# Wall Of Shame...



## stillINshock (Apr 9, 2009)

I'm feeling agro today. Wish there was an anonymous yet public place to list the names of the "Others" who have made our lives miserable. Call them out on a Wall Of Shame. Not to in anyway diminish the responsibility and guilt of our spouses. But these "Others" really make me cranky. Grr.


----------



## JAE (Jul 17, 2009)

Why not list them here! I think it is a great idea. Should we do first and last name. I know that some may feel this isn't right, but this makes me feel better. Should we list city and state??? MATT MARKOVICH.


----------



## hitched4ever (Aug 3, 2009)

Seems like a waste of effort. Ones time would be much better spent on self improvement rather then self pity. To suggest that 'others' control your happiness suggests you dont control it yourself.


----------



## JAE (Jul 17, 2009)

hitched4ever said:


> Seems like a waste of effort. Ones time would be much better spent on self improvement rather then self pity. To suggest that 'others' control your happiness suggests you dont control it yourself.


Childish yes. But do I feel better, YES! Who ever is that person is a piece of S*** and it makes me feel better to put his name out there. After all they know what they did and are proud of it.


----------



## Sensitive (Mar 29, 2009)

I don't know your personal stories, but I believe this forum should be a safe haven. Bashing others is never a wise choice, in my opinion.


----------



## stillINshock (Apr 9, 2009)

Go JAE!!!
I'm feeling better just knowing you're feeling a little better! I'm so so so tempted. Mine is a name that is very googlable. Maybe I should do a write up on her wikipedia 'definition.' Yeah, I've got a new definition for her!
JAE - you made my day! :smthumbup:


----------



## JAE (Jul 17, 2009)

Does it matter if it is googlable? That person should have thought about the consequences of going after a married person!


----------



## stillINshock (Apr 9, 2009)

You're right. Though, honestly I don't know if she'd give a [email protected]#t. She's done this to so many women - she'd probably see it as a feather in her cap. On the other hand, she publicly - very publicly - likes to promote herself as a supporter of women - honoring goddesses. She is full of crap. She's done this to more wives then she can count. Her life is literally supported by other married men - both when she danced on the pole - and since she retired to a richer life. Not kidding. Part of me is afraid of it circling back to me somehow. This could be a public situation and I don't want to look like the jerk. Its just very frustrating that the two people that 'benefited' from the EA are not carrying any of this frustrating and awful pain. Only me. Meanwhile, H is fine and I'm sure OW is happily on the take from a handful of men. I'm coming up on the 1 YR mark since he began his betrayal and experiencing angry feelings about it. I know its a waste of my time.
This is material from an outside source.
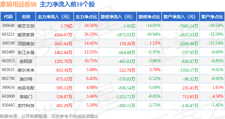 从资金流向上来看,当日家居用品板块主力资金净流入6802.44万元,游资资金净流出1.5亿元,散户资金净流入8183.77万元。家居用品板块个股资金流向见下表:

It just is so unfair. I have to let go it. But...grrr.


----------



## beyond betrayal (Jul 21, 2009)

I feel your pain and this chick's name is so common it doesnt even make sense to list it. JAE rock on. Yeah these desperate, low down women disgust me. So lame. I must admit I was doing better. Its only been a month for me but today watching tv reminded me of it. I've been bummed ever since. Cleaning and being quiet. Definite sign something is wrong. Jae I'm glad that made you feel good. That damn Matt!!! I'll stay away from him!


----------



## JAE (Jul 17, 2009)

Come on, can't anyone at least list a first name?


----------



## stillINshock (Apr 9, 2009)

Her real name, or her 'dancing on the pole' name?
Ok, even THAT makes me feel better.


----------



## JAE (Jul 17, 2009)

It is strange how much anger I have towards HIM. I guess I just don't want to realize how angry I am towards my wife. Avoid any guy named MATT! If he has the last name MARKOVICH....run.


----------



## stillINshock (Apr 9, 2009)

Right with you on that one.
My H's was an EA. He sent her pictures of me, my kids, my house. He told her all about me. And the one conversation I in hind site walked in on was him telling her that "he does most of the cleaning." Really? Really? 
She made him feel like a God who deserved better.
Her response to his break up email (sent in front of me) was "I'm so sorry. Never wanted to hurt your beautiful, smart, incredible wife." I say again, really?
Yuck. Maybe she has some horrible STD that will cause her a tremendous amount of pain. Did I just say that?


----------



## beyond betrayal (Jul 21, 2009)

JAE,
This is for you. Her name is Mary!!!:smthumbup:


----------



## woe_is_me (Aug 12, 2009)

it's sad but there is actually a said site out there. dontdatehimgirl.com. you can even post their picture up. i read about it in a magazine once. luckily i never found anyone i have dated on that site.


----------



## stillINshock (Apr 9, 2009)

woe_is_me - That is awesome!!!!!!!!! Very very very very tempting. Thanks for sharing.:smthumbup:


----------



## JAE (Jul 17, 2009)

stillINshock said:


> woe_is_me - That is awesome!!!!!!!!! Very very very very tempting. Thanks for sharing.:smthumbup:


I know that I am messed up here, but I want to keep this alive. For whatever reason, this will make you feel better....I promise. MATT MARKOVICH is a piece of S***, and it's not the guy from Washington. SPIKE!


----------



## stillINshock (Apr 9, 2009)

JAE said:


> I know that I am messed up here, but I want to keep this alive. For whatever reason, this will make you feel better....I promise. MATT MARKOVICH is a piece of S***, and it's not the guy from Washington. SPIKE!


----------